The team aimed to have results available within 10 days for each case and achieved a mean turnaround time of seven days between sampling and returning an initial rapid report. The infants were 12 days old, on average, at the time of enrollment in the study.

The genome data revealed disease-causing pathogenic or likely pathogenic variants in 65 of the infants, the researchers reported, including 51 single-nucleotide changes, 12 copy number variants or chromosomal disorders, one triplet repeat expansion, and one case of uniparental disomy.

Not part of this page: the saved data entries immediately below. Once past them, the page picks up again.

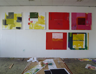 I like to start as early in the morning as possible, to have at least 4 to 5 hours to paint without the distractions that usually come later in the day! I work in series as I like to allow ideas to bounce off one another, from canvas to canvas. This way I don't get blocked by any particular canvas, and also elements from one may suggest ways to resolve another painting. When I am working, I have about 5 or 6 canvases around me, and various notes and sources of reference scattered across the floor. There's a lot of coffee drinking going on. As I paint, one or two canvases pull me in and I will work intensively on these. They possess me, even when I'm away from the easel.
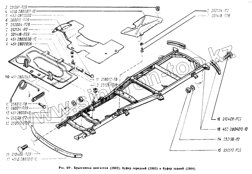 Каталог запасных частей к технике: УАЗ-3962. Брызговики двигателя, буфер передний, буфер задний
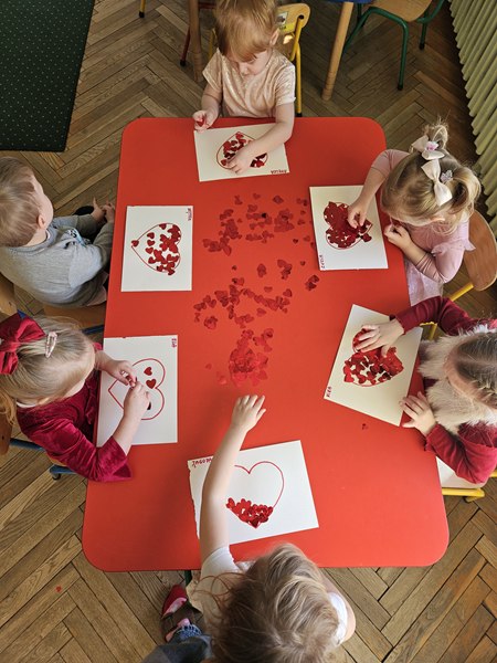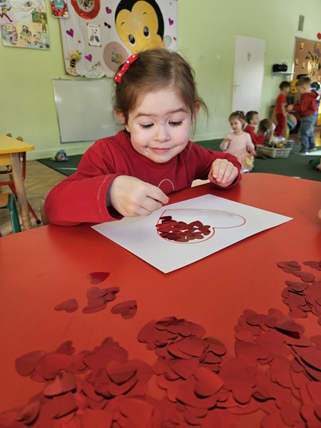 Dzieci ubrane na czerwono i różowo, brały udział w tematycznych zabawach, tańcach oraz tworzyły własnoręczne serca walentynkowe. Był to dzień pełen uśmiechów, uścisków i nauki o tym, jak okazywać sympatię innym.
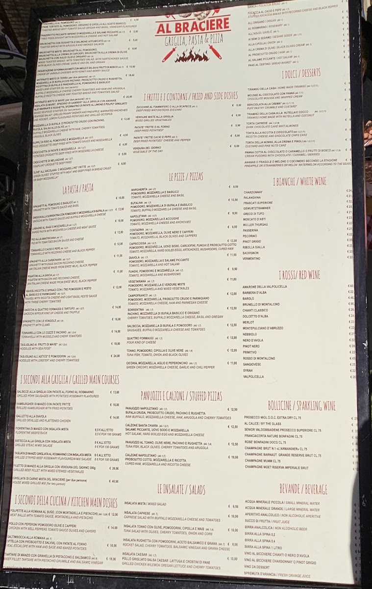 Al Braciere Menu
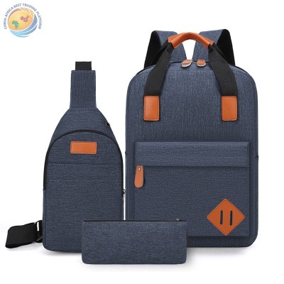 2024新三合一背包套装日本风格笔记本电脑背包书包和胸袋铅笔袋套装
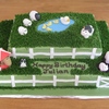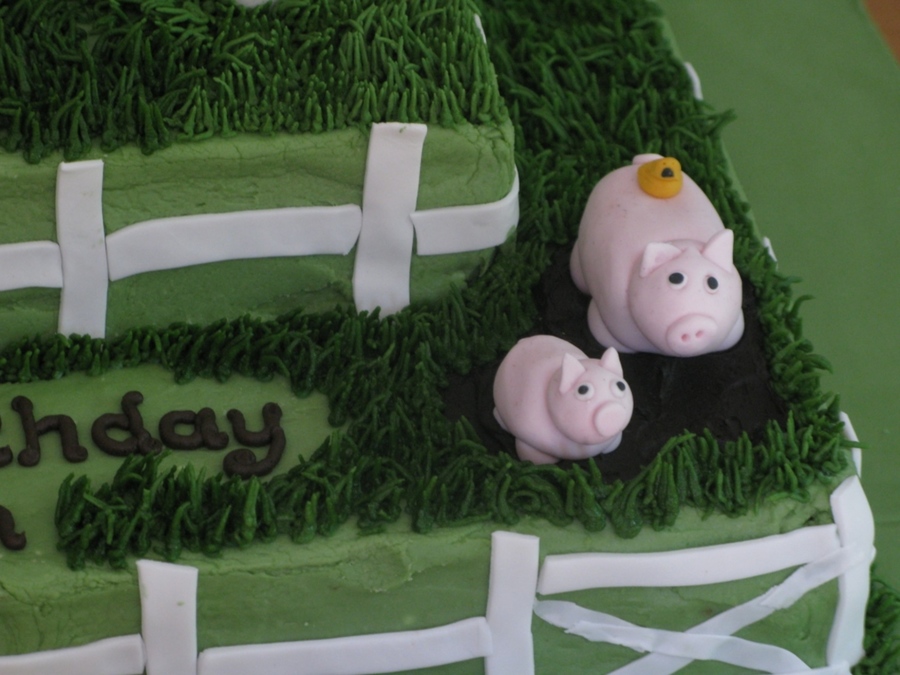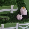 For a first birthday party. Organic vanilla cake with chocolate chips and creamcheese buttercream. The animals are made with modelling paste.
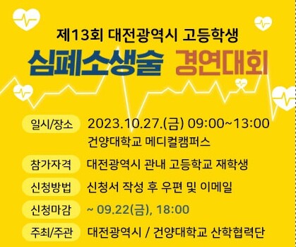 제13회 고등학생 심폐소생술 경연대회는 보건복지부와 대전광역시에서 주관하는 ‘2023년 심폐소생술 등 응급처치교육사업’의 일환으로 심폐소생술의 중요성을 알리고 심폐소생술 및 응급처치능력을 향상시키기 위해 마련된 프로그램이다.
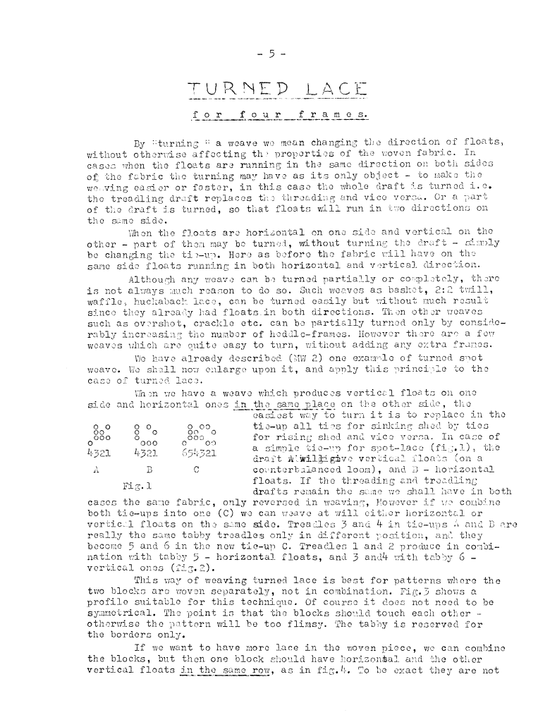 Turned Lace for Four Frames, ---. Master Weaver, No. 13 January 1954, 3 pages. Note: PDF provided by Judith Combs. By permission. Posted July 15, 2006. SAMPLE PAGE. File size 675 KB PDF
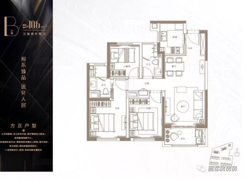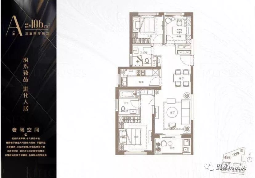 此次销售的两栋均为106平方的三房,两种房型皆是双卫配置,与现如今动辄90平方三房或是动辄160平方三房的新盘相比,106平方既不会过于拥挤,大小适宜又可以兼容三口之家,甚至三代同堂以及日益增多的二胎家庭的需求。少有的缺点则是主卧略小,但现代人赋予卧室的意义越来越局限,仅仅作为休息之处也是恰到好处的大小了。
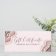 Rose Gold Blush Pink Glitter Agate Geode Luxe Chic Business Gift Certificate. Perfect for a beauty salon, hair stylist, makeup artist, or cosmetologist.

They also uncovered variants of uncertain significance in 15 more cases. One of these involved a CNV, while the remaining 14 were single-nucleotide variants falling in known or novel candidate genes.

Based on their findings, the authors suggested that "rtGS in critically ill neonates was feasible and diagnostically beneficial in a public healthcare setting."

Along with their primary analyses, which focused on rtGS feasibility and diagnostic utility in the NICU setting, the investigators also performed secondary analyses focused on precision medicine and recurrence risk reduction.

The team's clinical utility questionnaires garnered responses from 82 percent of families, for example, with two dozen families describing medical management changes for their children based on the genomic test results. Half a dozen of those infants gained access to precision medicine options, while two children were subsequently transferred to nursing homes and two went on to receive palliative care.

In a corresponding commentary, Shan Jiang and colleagues from Macquarie University, who were not involved in the study, noted that the results not only highlight the potential for effectively applying rtGS in the public healthcare context but also point to the potential benefits of applying the approach to neonatal care more routinely.

"By offering tailored treatments at an early stage, genome sequencing not only enhances the quality of care but also holds the promise of improving long-term health outcomes, as evidenced by empirical studies," the authors wrote, noting that this "highlights the increasingly critical role of genome sequencing in the dynamic landscape of neonatal healthcare."